Clinically, hyperpolarized 13C-MRI is particularly relevant for oncological imaging. It can help better characterize tissue changes over the course of a disease and during therapy. This opens up new possibilities for monitoring cancer treatment and, in the long term, can help tailor treatment decisions more closely to individual biological characteristics.

Our contribution lies in translating this technology into clinically applicable research workflows. The focus is on standardized examination processes, quality assurance, robust measurement protocols, and the quantitative analysis of image data. The goal is to make the method reliably testable for future studies in the context of personalized medicine.

 

Quantitative Imaging

Quantitative imaging expands traditional radiological image assessment to include objectively measurable parameters. While standard procedures primarily show the size, shape, and contrast behavior of lesions, quantitative imaging enables additional characterization of tissue properties. These include, among others, diffusion and perfusion imaging, relaxometry, and MR elastography. This allows us to assess cell and tissue structure, blood flow, water and fat content, as well as tissue stiffness. These parameters are often only indirectly visible in standard images and provide information on the precise tissue composition.
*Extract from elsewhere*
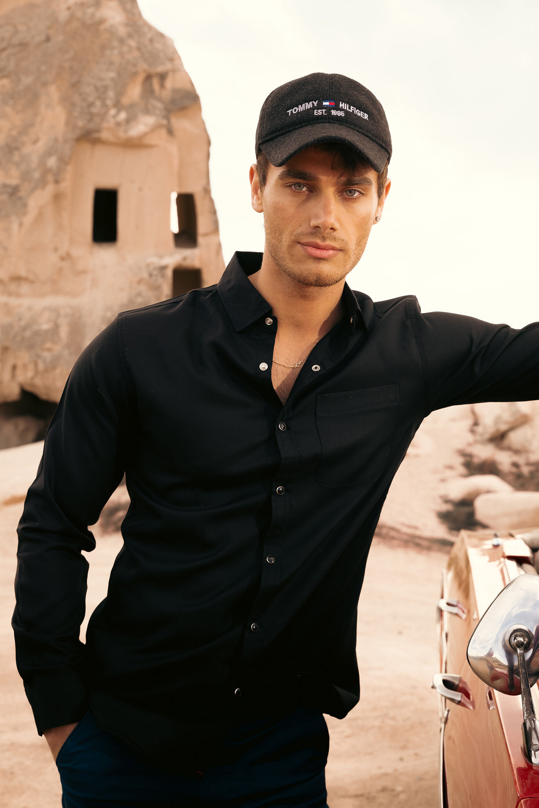 Modern snap-button detailing meets breathable fabric, making this black shirt perfect for tropical and relaxed wear.

Clinically, quantitative imaging is relevant in oncological diagnostics, staging, and treatment monitoring. It helps to better characterize tumors non-invasively, visualize early treatment effects, and objectively compare changes in disease progression.

Our focus is on the development, validation, and clinical application of quantitative MRI methods. The goal is to establish robust image markers that improve diagnostic decisions, make treatment effects measurable, and support more personalized oncological care.